### Supplied data

[Start of section]

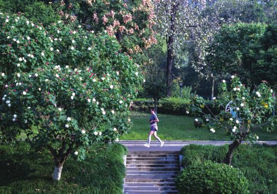 2025年10月15日,成都金沙滨河公园,一位锻炼的市民从芙蓉花下跑过。 杨涛 摄
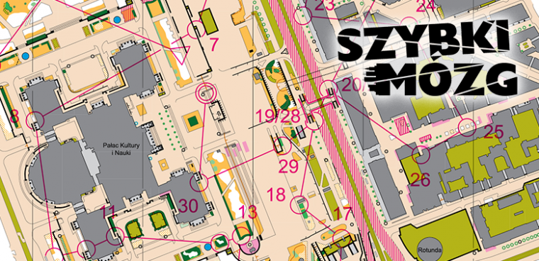 Ponad 300 zawodników wzięło dziś udział w 2. etapie Szybkiego Mózgu rozgrywanego w ramach akcji Cała Polska biega z mapą oraz Światowego Dnia Orienteeringu. Bieg rozegrany został w samym centrum Warszawy, wokół Pałacu Kultury i Nauki, a także po drugiej stronie ul. Marszałkowskiej, gdzie przebiegały najdłuższe trasy. Mimo nie najlepszej pogody frekwencja dopisała, a wszyscy dobiegli do mety zadowoleni.
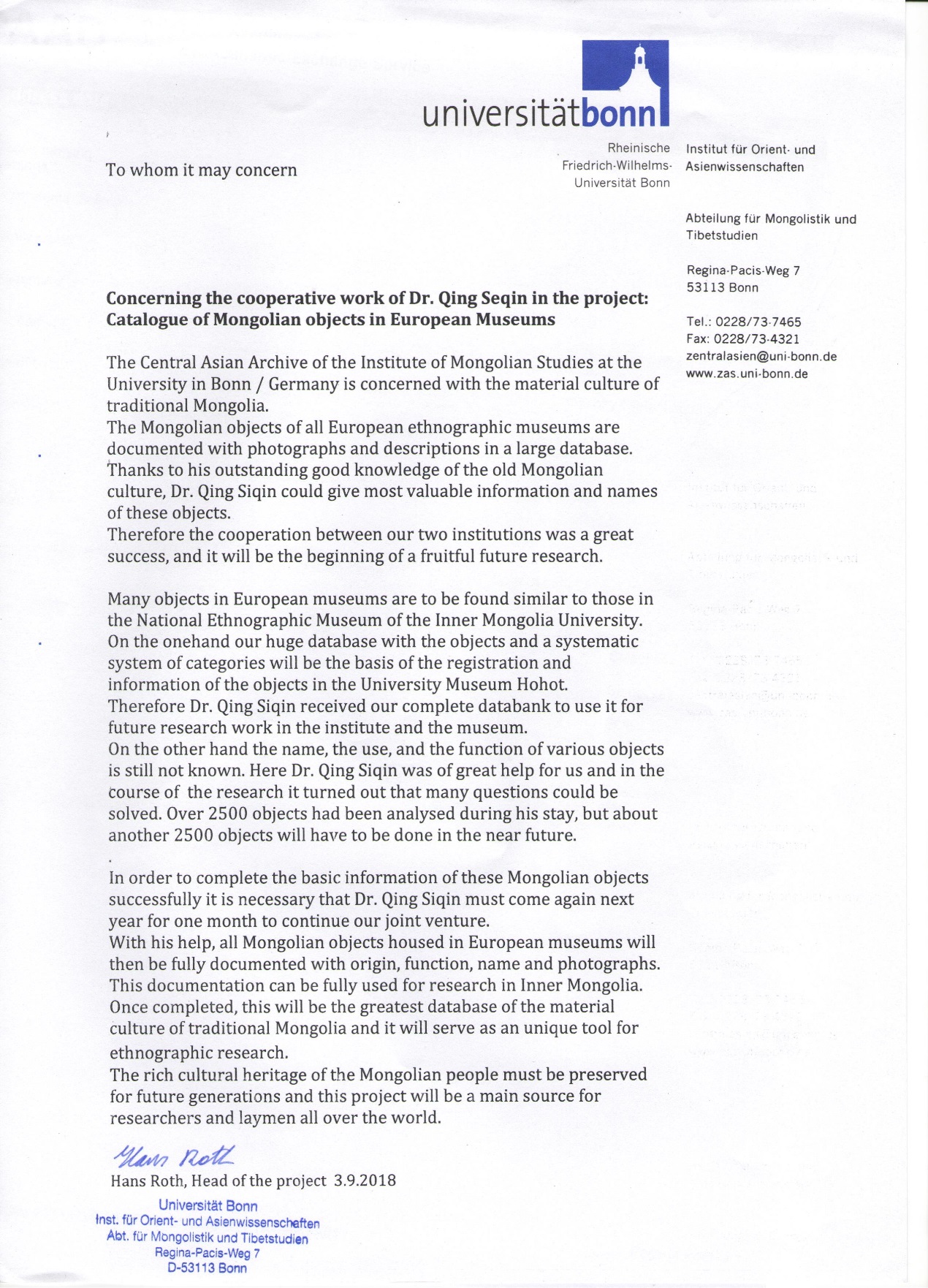 近日公司民族学学科“双一流”建设2018年度建设任务之一、公司与德国波恩大学合作项目“欧洲博物馆藏蒙古物质文化数据库建设”项目取得了重要进展。应德方邀请,suncitygroup太阳集团行政办主任兼民族博物馆负责人青斯琴博士于2018年8月8日至9月6日访问波恩大学,开展了项目相关工作并圆满完成了既定任务。根据双方协议,此次访问主要任务为录入和审核数据库中的丹麦民族学博物馆(数据库编号为040)所藏蒙古文物的信息。工作验收合格后,德方向公司民族博物馆赠送该数据库全部文物信息及其学术使用权。访问期间,双方还就数据库中文版和将公司民族博物馆数字化平台纳入计划等问题达成初步共识。

[End of section]

### Problem
Please print the data above once more, exactly and without images.

### Answer to the problem
 2025年10月15日,成都金沙滨河公园,一位锻炼的市民从芙蓉花下跑过。 杨涛 摄
 Ponad 300 zawodników wzięło dziś udział w 2. etapie Szybkiego Mózgu rozgrywanego w ramach akcji Cała Polska biega z mapą oraz Światowego Dnia Orienteeringu. Bieg rozegrany został w samym centrum Warszawy, wokół Pałacu Kultury i Nauki, a także po drugiej stronie ul. Marszałkowskiej, gdzie przebiegały najdłuższe trasy. Mimo nie najlepszej pogody frekwencja dopisała, a wszyscy dobiegli do mety zadowoleni.
 近日公司民族学学科“双一流”建设2018年度建设任务之一、公司与德国波恩大学合作项目“欧洲博物馆藏蒙古物质文化数据库建设”项目取得了重要进展。应德方邀请,suncitygroup太阳集团行政办主任兼民族博物馆负责人青斯琴博士于2018年8月8日至9月6日访问波恩大学,开展了项目相关工作并圆满完成了既定任务。根据双方协议,此次访问主要任务为录入和审核数据库中的丹麦民族学博物馆(数据库编号为040)所藏蒙古文物的信息。工作验收合格后,德方向公司民族博物馆赠送该数据库全部文物信息及其学术使用权。访问期间,双方还就数据库中文版和将公司民族博物馆数字化平台纳入计划等问题达成初步共识。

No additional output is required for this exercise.